The vast majority of workers and youth are fed up with the establishment political parties and angry about the deteriorating social and economic conditions of their life. If our fellow workers are able to unite against the poisons of racism and national chauvinism – and can join together to fight for jobs, social services, etc. – a powerful struggle against the capitalist ruling class could develop. Such a struggle could demand that society meet people’s needs, including jobs for all at decent wages and social benefits – instead of fighting among ourselves for scraps and crumbs. Revolutionary-minded workers and youth who promote internationalist socialism as the real answer to the evils of capitalism will have an important role to play in leading such struggles in the future.
Right now these ideas can sound like dreams. But in other parts of the world there are already many examples of working people rising up and actively searching for a way forward. There are major militant strikes in China, South Africa, Argentina and Egypt, just to name a few examples. Here in the U.S. it is rather quiet, but it won’t stay that way for much longer. It is only a matter of time before workers and youth begin to rebel in large numbers. A prime example took place just eight years ago. In 2006, there was in fact a mass movement of millions of immigrant workers on U.S. soil. And it seemed to arise out of nowhere.
Not only did that movement win its immediate goal of defeating the racist anti-immigrant Sensenbrenner bill. The huge rallies, marches and strikes dared to raise the bold proposition that all immigrant workers deserved amnesty and equal rights with other workers in this country. Indeed such ideas, which are now hardly even talked about in immigrant activist circles, were popular not that long ago. But the movement was betrayed and misled into depending on the promises of the imperialist Democratic Party and on leaders of the trade unions and other mainstream organizations who are totally tied to the Democrats.
In fact, because a fighting strategy based on working-class independence, unity and organization was not forged, the capitalist politicians were able to take charge and mislead the movement – even though they had not created it in the first place. The movement was diverted onto the passive and futile track of voting for Democratic Party politicians under the promise that this would lead to the passage of so-called “Comprehensive Immigration Reform” (CIR).
This kind of scenario however is not unique to immigrants. A similar trap was laid in the past for militant Black struggles, union struggles and other efforts by working-class people to fight for their interests. Any struggle that threatens the fundamental ways in which the capitalists run their profit-making system is going to face major attempts at co-optation by reformist leaders.

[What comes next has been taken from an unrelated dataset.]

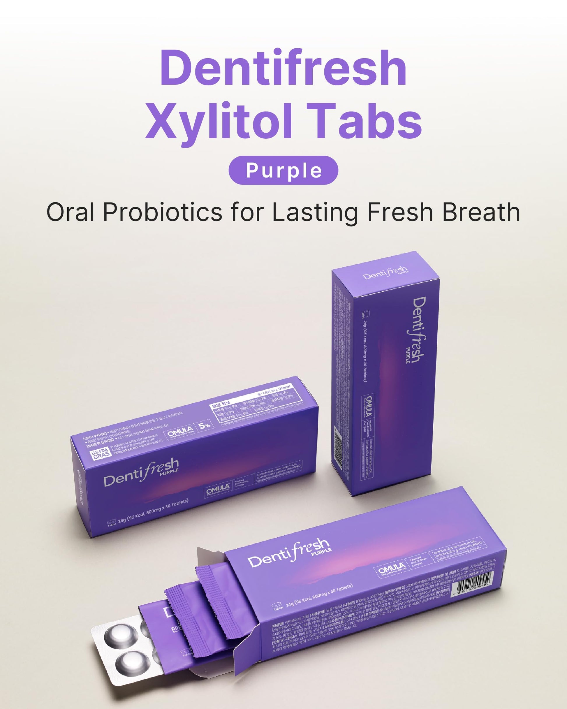 K-Nutra Dentifresh Xylitol Tabs Purple (24g, 30 Tablets) Holiday Gifts 4 Billion CFU, Sugar-Free Oral Probiotics for Teeth & Mouth, Bad Breath Gums, Safe for Bedtime, Mild Grape Flavor with OMULA

CIR was promoted by the leaders of immigrant rights organizations over a number of years, despite the fact that every version of CIR put forward featured substantial repressive measures targeting immigrants. Each CIR proposal contained provisions that would signify an attack on many immigrants – even if some would be offered a “pathway to citizenship.” The most recent proposals would provide massive funding for more militarization and enforcement at the border, while mandating that benchmarks and quotas in these areas be met before any “pathway to citizenship” could be considered. And that long maze of a “pathway” would be so full of potential penalties and hurdles that it would harshly limit how many people would be able to get through it.
In addition, the CIR proposals all contain super-exploitative temporary “guest-worker” schemes that ensure that second-class workers with few rights would be available in specific job categories for the benefit of particular employers and industries.

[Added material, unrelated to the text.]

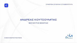 Ο Ανδρέας Κουτσούμπας, που είναι Βουλευτής της Ν.Δ. από το 2007, κατεβαίνει εκ νέου στην πολιτική μάχη ζητώντας την ψήφο των πολιτών της Βοιωτίας!
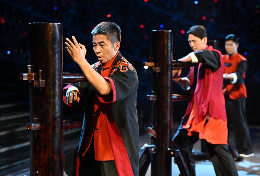 11月9日,演員在開幕式現(xiàn)場(chǎng)表演詠春拳。新華社記者肖藝九 攝

That is why all of the CIR bills should have been opposed. If the working class, whether immigrant or native-born, is to fight the ruling class’s divide-and-conquer strategy, supporting the interests of all immigrant workers is a good place to start. But the leaders of the unions, the National Council of La Raza (NCLR), the NAACP and other organizations that claim to advance democratic rights have accepted the proposition that it acceptable to support more repression against many immigrants in exchange for a promise of citizenship for a few.
At this moment CIR has extremely low prospects for passage, certainly in this Congressional term and most likely in the longer run as well. The “moderate” wing of the Republican Party led by House Speaker John Boehner was willing to accept a very limited "pathway to citizenship" within a repressive, enforcement-heavy framework. They view CIR as a necessary concession to appeal to Latino voters for support, as well as to please agricultural and other business interests that favor a bill that would set up a more stable supply of super-low-wage immigrant labor. That is also why much of the Democratic Party supports CIR and feels comfortable searching for common ground with Republicans in a “bipartisan” approach. However, the racist Tea Party faction of the Republicans forced their party to abandon the bill because they oppose any concessions to immigrants, real or imagined; and many reactionaries will simply not back anything that they see as handing President Obama a victory.
As for Obama, he has escalated detentions and deportations of immigrants throughout his presidency. There have always been heroic local efforts to defend immigrants against the effects of these and other reactionary policies, and tough battles are being fought all the time in a number of places. But especially on the national level, the leaders of immigrant rights organizations and unions pressured activists to downplay those issues and avoid harsh criticisms of Obama and the Democrats – in favor of lobbying them for immigration reform.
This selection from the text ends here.